:: The data ::
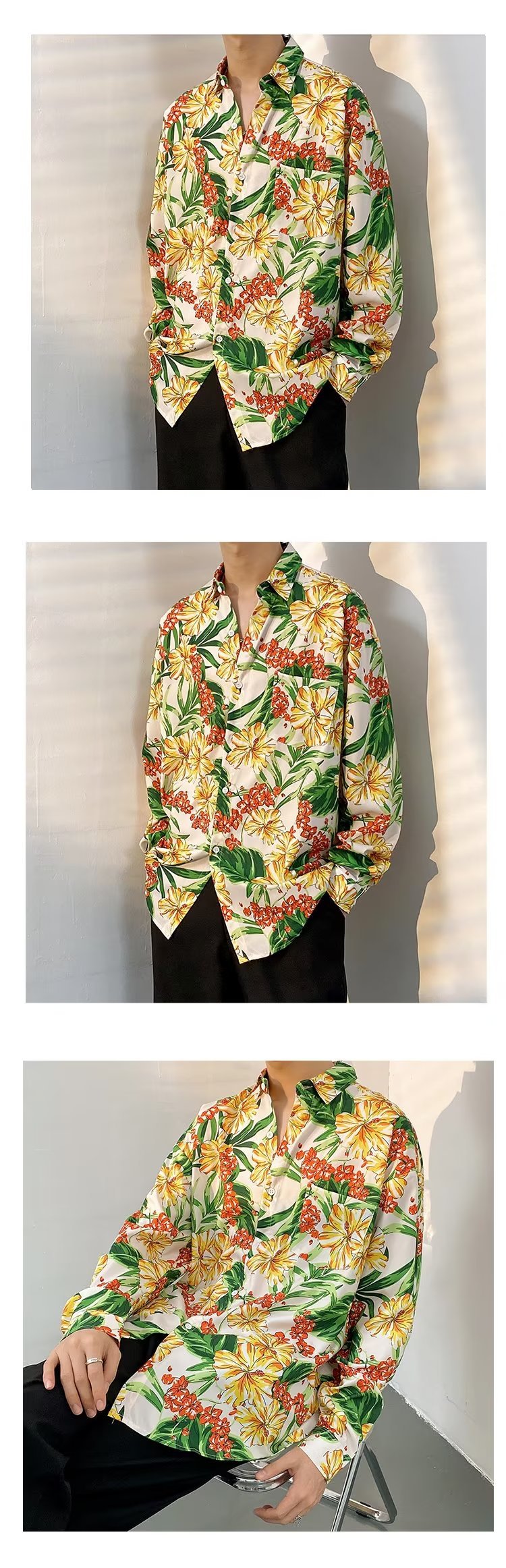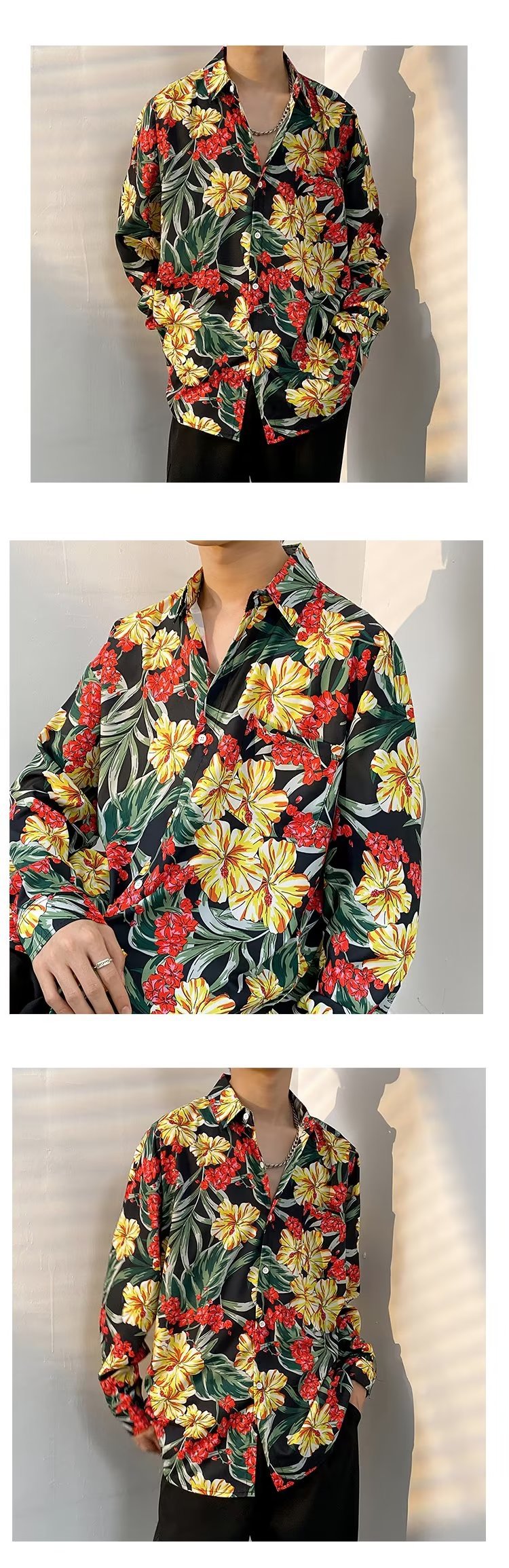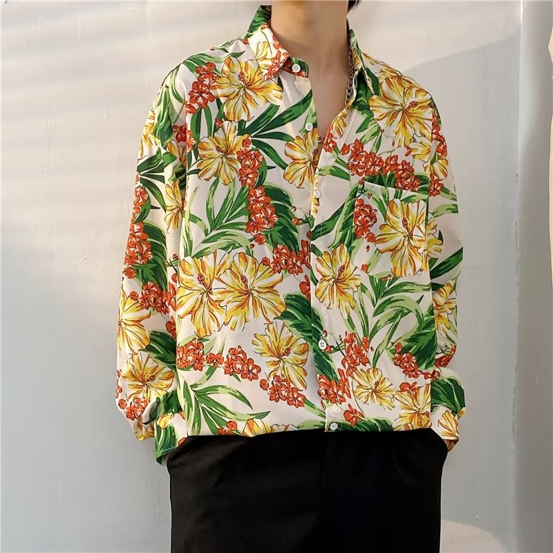 일본 스타일 인스 타 그램 스타일 여름 긴 소매 꽃 셔츠 남자와 여자를 위한 복고풍 느슨한 셔츠 하와이 해변 커플스토어 가기
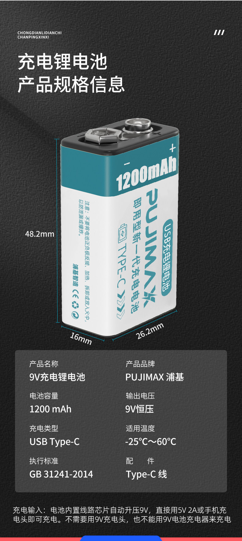 PUJIMAX Литиевые батарейки с зарядкой, 9v
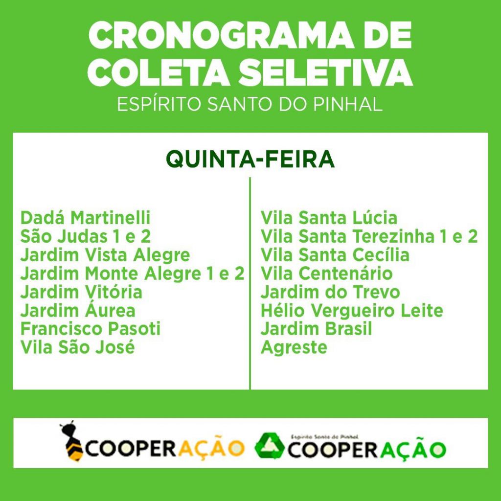 A CooperAção é a cooperativa de trabalho que, atualmente, realiza a coleta de material reciclável em Espírito Santo do Pinhal, trabalho de extrema importância para nossa cidade e para o mundo todo.
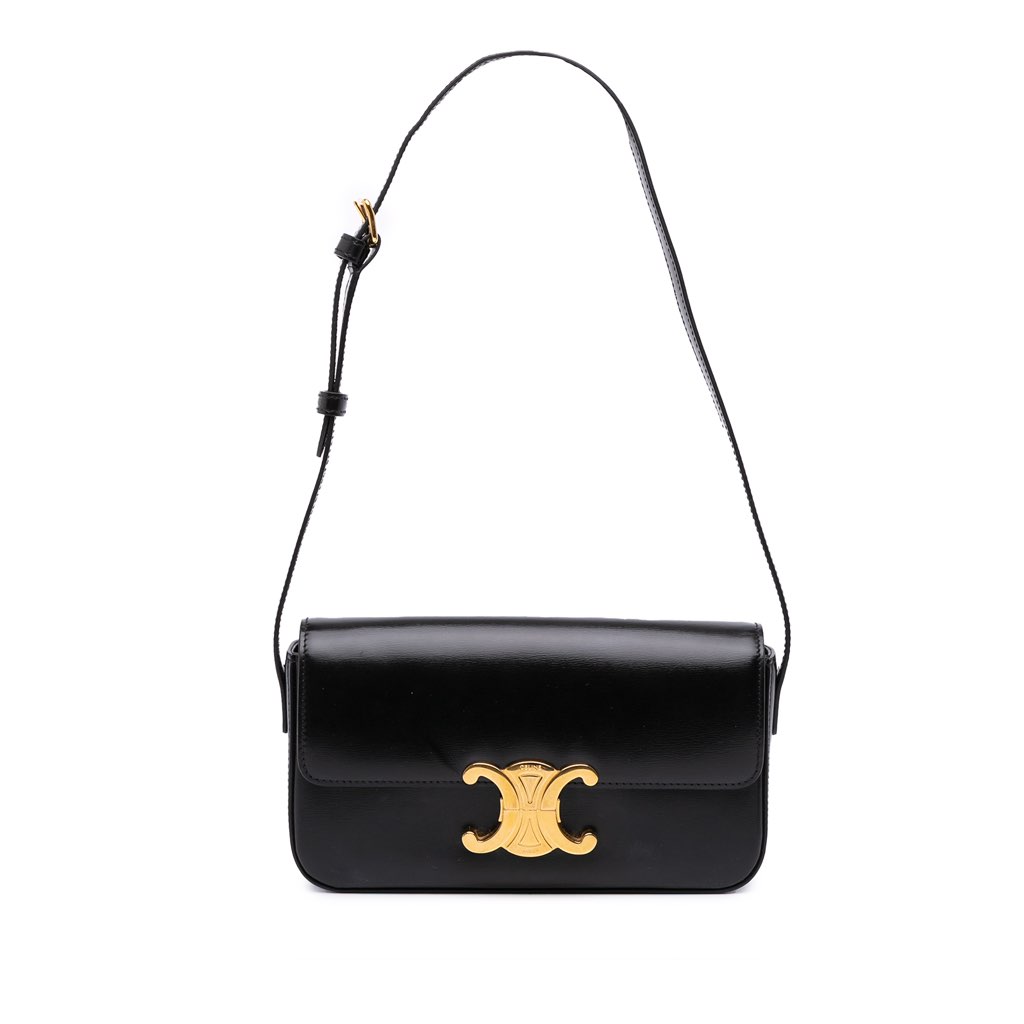 This shoulder bag features a leather body, an adjustable flat shoulder strap, a front flap with push-lock closure, and an interior slip pocket.
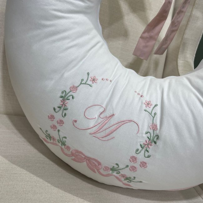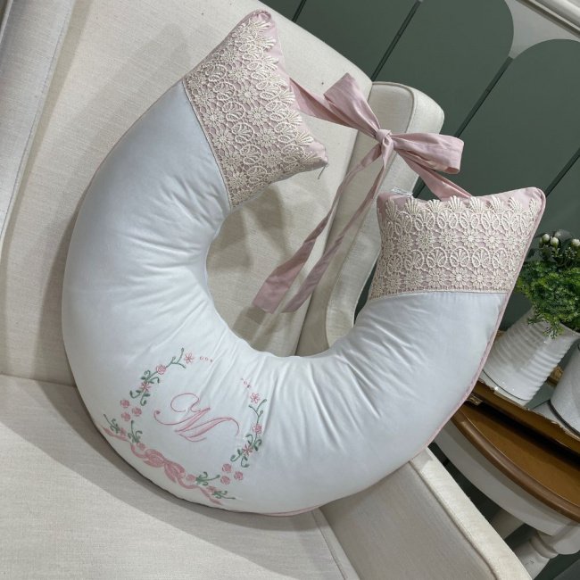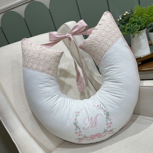 Produto composto por: 01 Almofada De Amamentar com Inicial – 60 cm x 50 cm; Composição: Tecido: 100% Algodão 200 Fios Enchimento: 100% Poliéster: Tecidos: 100% Algodão 200 Fios. Gênero: Menina. Cor: Rosê Off White. Lançamento: Menina. Tema: Clássico.
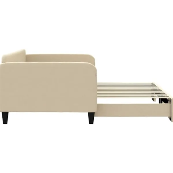 Denna 2-i-1-dagbädd med extrabädd, som kan användas som både soffa och säng, blir ett praktiskt och iögonfallande tillskott till ditt vardagsrum eller sovrum. Mångsidig dagbädd: Bäddsoffan fungerar som en soffa under dagen och kan enkelt omvandlas till en dubbelsäng på natten genom att dra ut extrasängen, vilket är en bekväm lösning för övernattande gäster och för att maximera ytan.Slitstarkt tyg: Denna gästsäng är tillverkad av tyg. Tyget har ett enkelt och rent utseende samtidigt som det andas och är hållbart.Massiv konstruktion: Bäddsoffan med trä- och metallram garanterar stabilitet. Bra att känna till:Madrasser medföljer inte denna dagbädd. Vi säljer ett urval av madrasser. Du kan titta i vår shop för matchande madrasser.
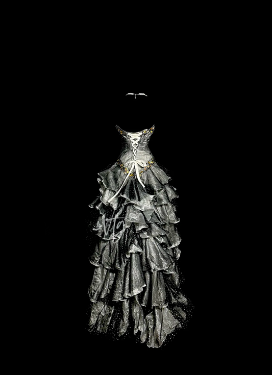 Gray strapless rhinestone-embellished, fitted waist, pleated, tiered skirt, long ball gown R6661

:: Exercise brief ::
Although pictures appear among the records above, none are to be output; print exactly the lines from the line containing "PUJIMAX Литиевые батарейки с зарядкой, 9v" through the line containing "This shoulder bag".

:: Task answer ::
 PUJIMAX Литиевые батарейки с зарядкой, 9v
 A CooperAção é a cooperativa de trabalho que, atualmente, realiza a coleta de material reciclável em Espírito Santo do Pinhal, trabalho de extrema importância para nossa cidade e para o mundo todo.
 This shoulder bag features a leather body, an adjustable flat shoulder strap, a front flap with push-lock closure, and an interior slip pocket.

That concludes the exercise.